Я как‑то ранее имел неосторожность обмолвиться, что занимаюсь плаванием, за что был вознаграждён этим днём подарком в виде полотенца, о стоимости которого был сразу же оповещён: «Вот так цены! Полотенце стоит тысячу рублей! Ты плаваешь, вот я и подумала, что тебе бы новое полотенце, а то ты поди ходишь со старым – позоришься», – сказала моя мама без злого умысла, не подумав спросить меня, есть ли у меня новое чистое полотенце, которое, конечно, у меня было. «Да, конечно. Спасибо, мама», – улыбчиво ответил я.
В общем‑то, все знали о моём увлечении литературой, но никто не вёл со мной бесед, интересных мне. Я любил говорить о вещах, стоящих внимания: о любви, о смысле жизни, о творчестве, об искусстве, но, будто специально, такие темы не поднимались в моём присутствии, или же всегда такие разговоры заканчивались ссорой. Порой я говорил вполне серьёзно, что я пишу сам, но им это казалось детским лепетом. В утро этого дня я наполовину дописал свою книгу, которая спасала меня от самых мрачных мыслей в тяжёлые дни, но никто не спросил меня о моих успехах, даже когда я пытался об этом заговорить, – это было лишь хобби, сравнимое с оригами или йогой. Куда важнее было спросить меня о работе, сделавшей из меня больное и закрытое существо, принёсшей мне столько боли и разочарования, как давно ничто не приносило, обсуждать которую я не любил. Деталей требовало моё фиаско, которое я давно проработал и принял, но которое теперь необходимо было ковырять тупым ножом, как старую, плохо заросшую рану. Стоило мне сказать пару бессмысленных фраз, и я завоёвывал пьедестал главного оратора вечера, от которого просили ещё и ещё. А в конце им было необходимо выразить мне сочувствие, поддержав меня в каждом слове, что было сгоряча брошенным оскорблением в сторону просто душевнобольных людей, о произнесении которого я жалел. Приукрасить своё сочувствие нужно было мудрыми предложениями о смене работы или переезде в другой город в поисках смены обстановки и карьеры, а когда я пытался защитить свою душу, говоря: «Знаете, я, в общем‑то, хотел бы быть писателем и посвятить этому свою жизнь, даже если бы это скверно меня кормило», я встречался лишь с разочарованными, наиграно вдумчивыми, но ни о чём не думающими в существе взглядами и кивками головы.

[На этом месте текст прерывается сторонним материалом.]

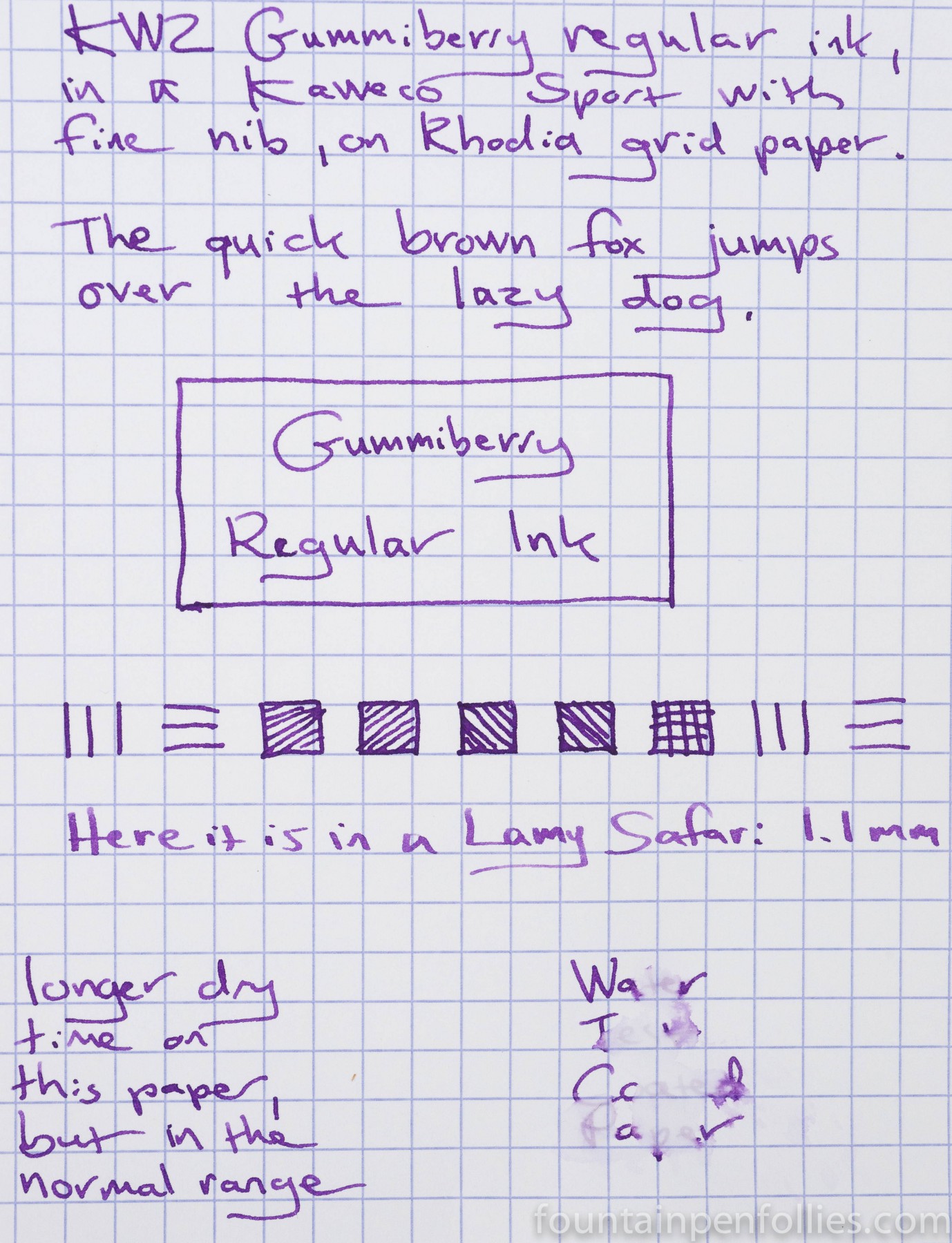I tested regular Gummiberry in a few pens: a Kaweco Sport eyedropper with a wet fine nib, a Waterman Laureat with a dry medium nib, and a Lamy Safari with both a dry extra-fine nib and a 1.1 mm stub. Unlike the iron gall version, regular Gummiberry looked different in different types of pen.

Сидя за столом, я думал: «Что, если их всех не станет? Если за этим столом буду сидеть лишь я один в этот же день?» Не находил в душе никакого скорбного отклика, свойственного, как мне кажется, нормальному человеку. Я чувствовал покой и умиротворение, отсутствие головной боли и комфорт. Я не ощущал никакой привязанности или нужды в этих людях, бывших мне роднёй лишь генетически, но не имевших со мной ничего общего, ничего, что объединяло бы нас в касту платонической взаимной любви. Я знал, что не будь я сыном и внуком, эти люди сочли бы меня наиболее неинтересным, гадким, невоспитанным человеком и в целом тварью, которую ещё нужно поискать. Они были пленниками убеждений, в которые сами верили поверхностно, не желая погружаться в них, видимо интуитивно чувствуя опасность правды, скрывающейся за вуалью предрассудков. Я представил себе похороны, на которых буду раз за разом присутствовать, ведь рано или поздно этот момент настанет. Ощутил ничто: я не думаю, что стал бы плакать, рыдать и скорбеть, убитый горем. В конце концов, им ведь повезло больше, чем мне – они уже мертвы и свободны, обрели свой покой – радоваться нужно за умерших – им больше нет до нас дела. Выждав долгую и унылую процессию, приняв все сочувствия и хлопки по плечу, сопровождаемые словами «Крепись, сынок», я бы подыграл, накинув на лицо маску горя и рассадив всех по машинам, выдохнул, отправившись за бутылкой вина в одиночестве, зная, что теперь в мире на одного человека, способного меня по‑настоящему потревожить, меньше.